**Goal of the exercise:** A faithful copy is required of the lines from the top of the entries through the line that contains "I’ve mentioned before", both included, with no pictures.
——
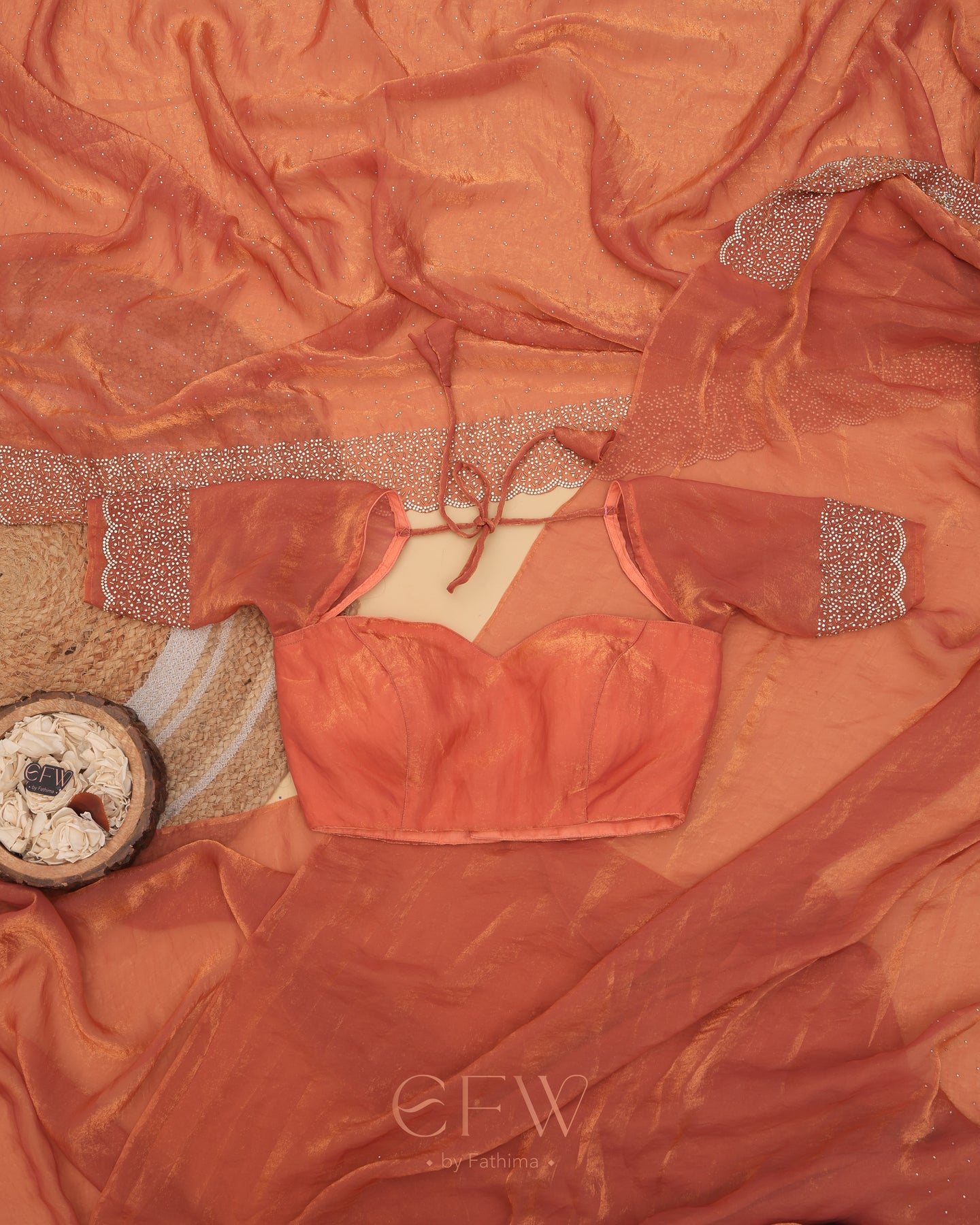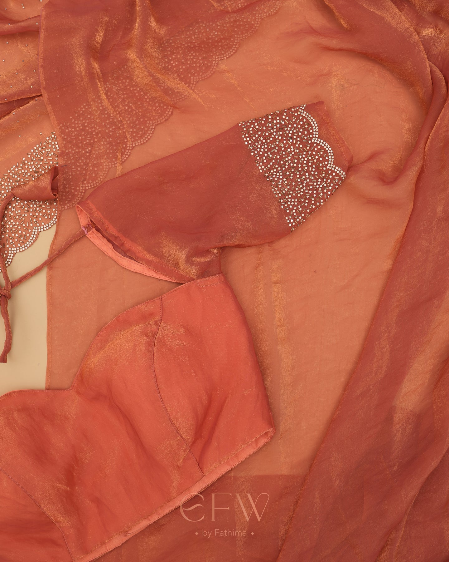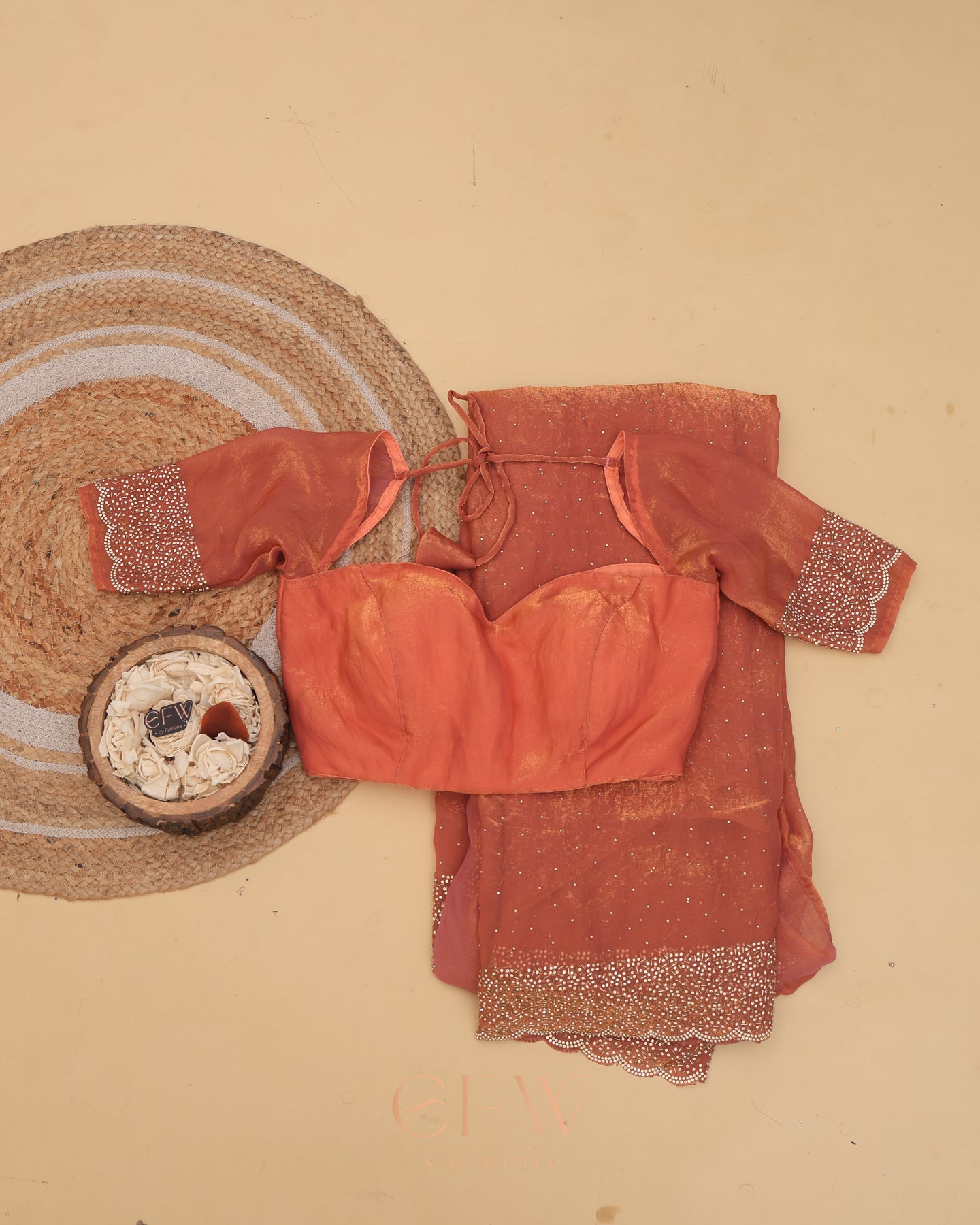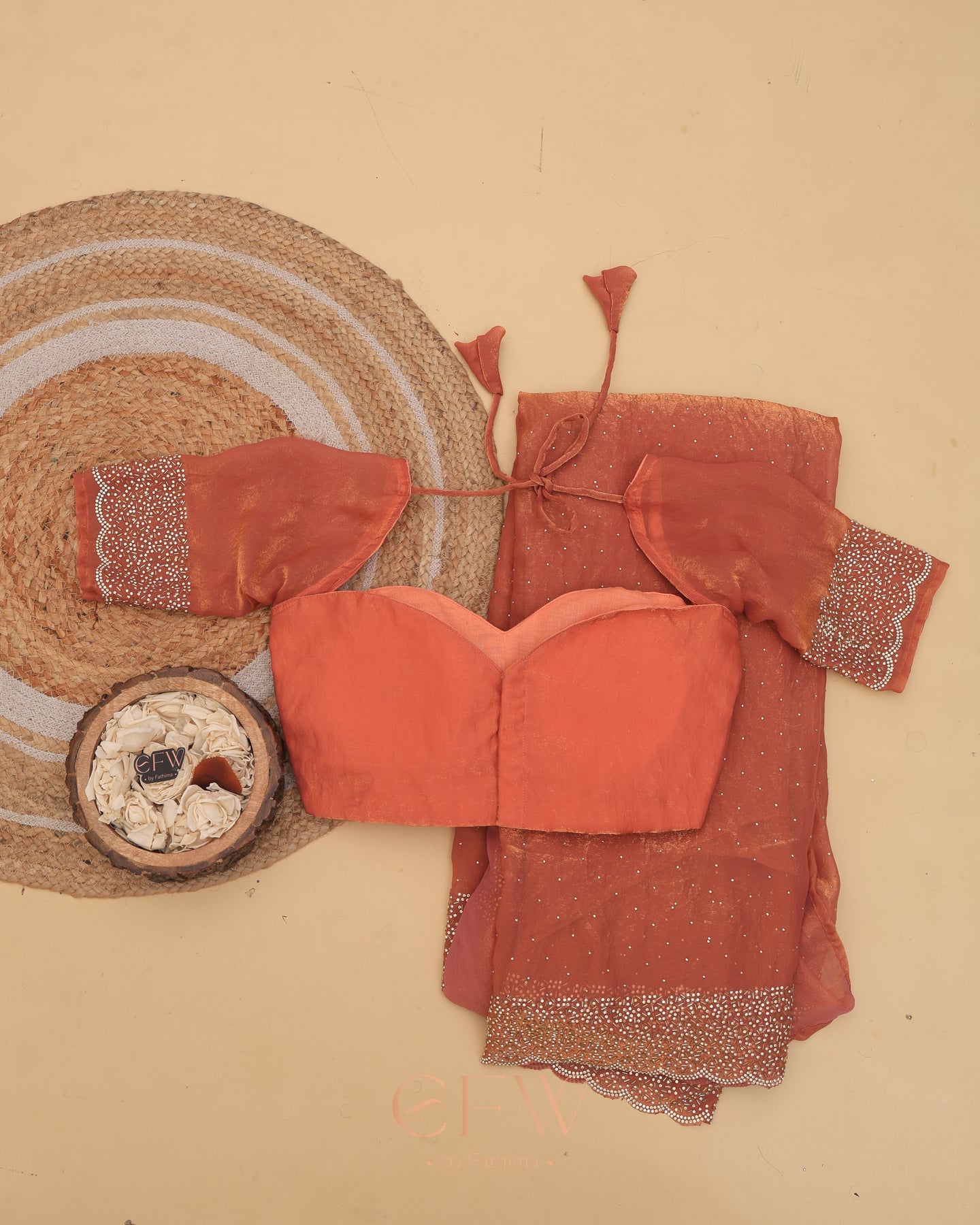 Adorned with intricate stonework throughout, this semi tissue silk saree flows effortlessly and features a beautifully detailed border that adds just the right touch of grace. Available in a range of stunning shades, it’s perfect for parties, weddings, and all your special events.
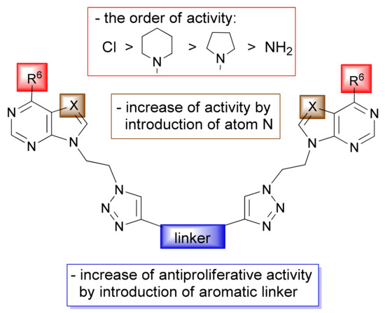 - Bistrović, A.; Harej, A.; Grbčić, P.; Sedić, M.; Kraljević Pavelić, S.; Cetina, M.; Raić-Malić, S. Synthesis and Anti-Proliferative Effects of Mono- and Bis-Purinomimetics Targeting Kinases. Int. J. Mol. Sci. 2017, 18, 2292. [Google Scholar] [CrossRef]
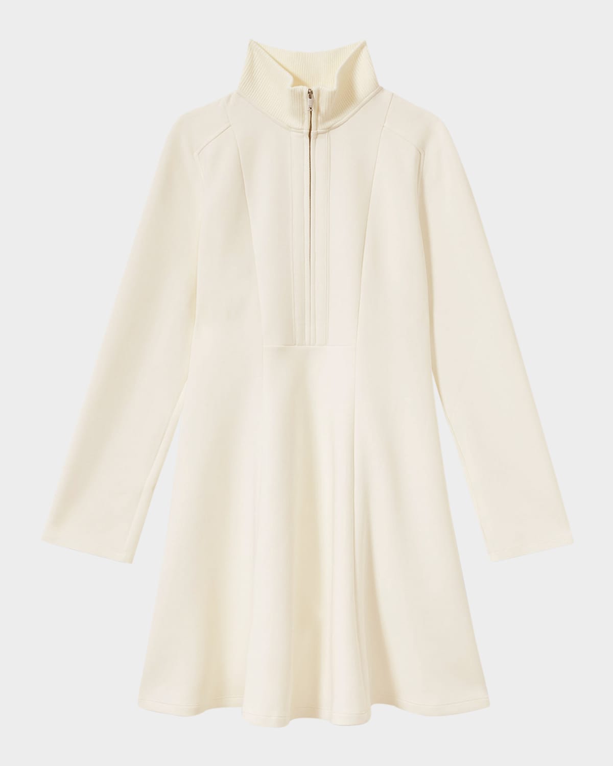 Reiss "Krysta" mini dress in an interlocked jersey knit fabric Turtleneck; half zip front Long saddle sleeves Onseam pockets Hem falls above the knee Aline silhouette Slipover style Cotton/polyester/elastane Unlined Dry clean Imported
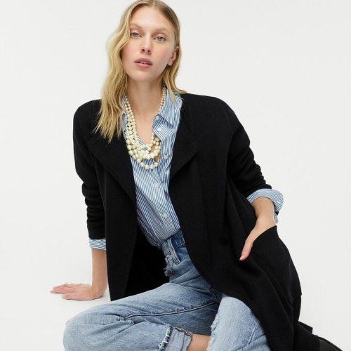 I’ve mentioned before that I love my Juliette Sweater Blazer. ?It’s a good mid-weight, looks very professional, and wears like iron. ?It comes in three neutral colors, runs into plus-sizes, and is great for work. ?If you’re on the petite side, J.Crew Factory has a similar sweater jacket that isn’t quite as long.
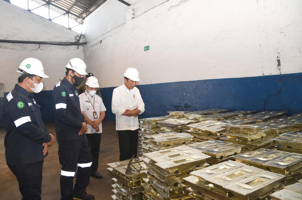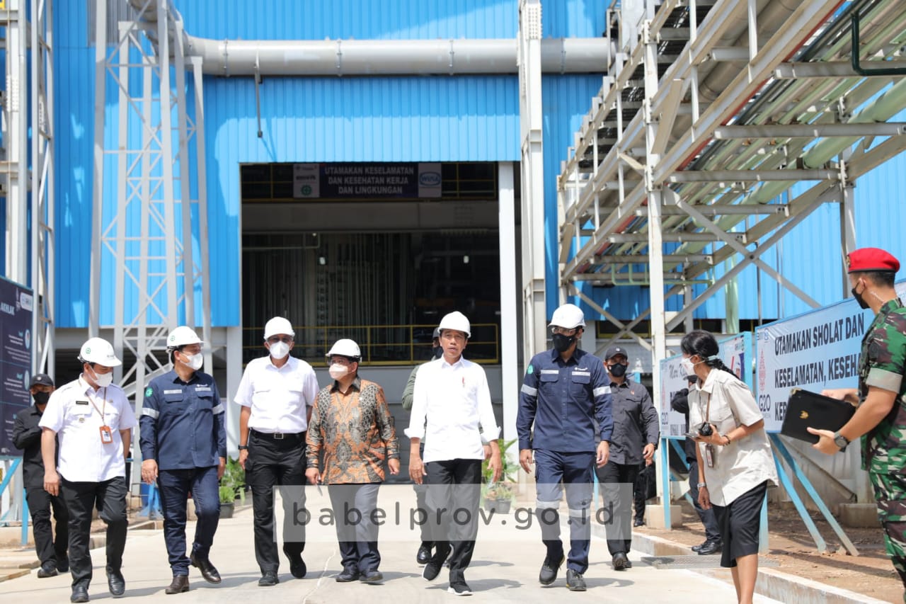 Presiden Joko Widodo bersama Penjabat (Pj) Gubernur Kepulauan Bangka Belitung (Kep. Babel) Ridwan Djamaluddin dan rombongan meninjau pembangunan Top Submerged Lance (TSL) Ausmelt yang dikerjakan oleh PT Timah Tbk Muntok/ foto:ikp diskominfo Babel
——
**Result of the task:**
 Adorned with intricate stonework throughout, this semi tissue silk saree flows effortlessly and features a beautifully detailed border that adds just the right touch of grace. Available in a range of stunning shades, it’s perfect for parties, weddings, and all your special events.
 - Bistrović, A.; Harej, A.; Grbčić, P.; Sedić, M.; Kraljević Pavelić, S.; Cetina, M.; Raić-Malić, S. Synthesis and Anti-Proliferative Effects of Mono- and Bis-Purinomimetics Targeting Kinases. Int. J. Mol. Sci. 2017, 18, 2292. [Google Scholar] [CrossRef]
 Reiss "Krysta" mini dress in an interlocked jersey knit fabric Turtleneck; half zip front Long saddle sleeves Onseam pockets Hem falls above the knee Aline silhouette Slipover style Cotton/polyester/elastane Unlined Dry clean Imported
 I’ve mentioned before that I love my Juliette Sweater Blazer. ?It’s a good mid-weight, looks very professional, and wears like iron. ?It comes in three neutral colors, runs into plus-sizes, and is great for work. ?If you’re on the petite side, J.Crew Factory has a similar sweater jacket that isn’t quite as long.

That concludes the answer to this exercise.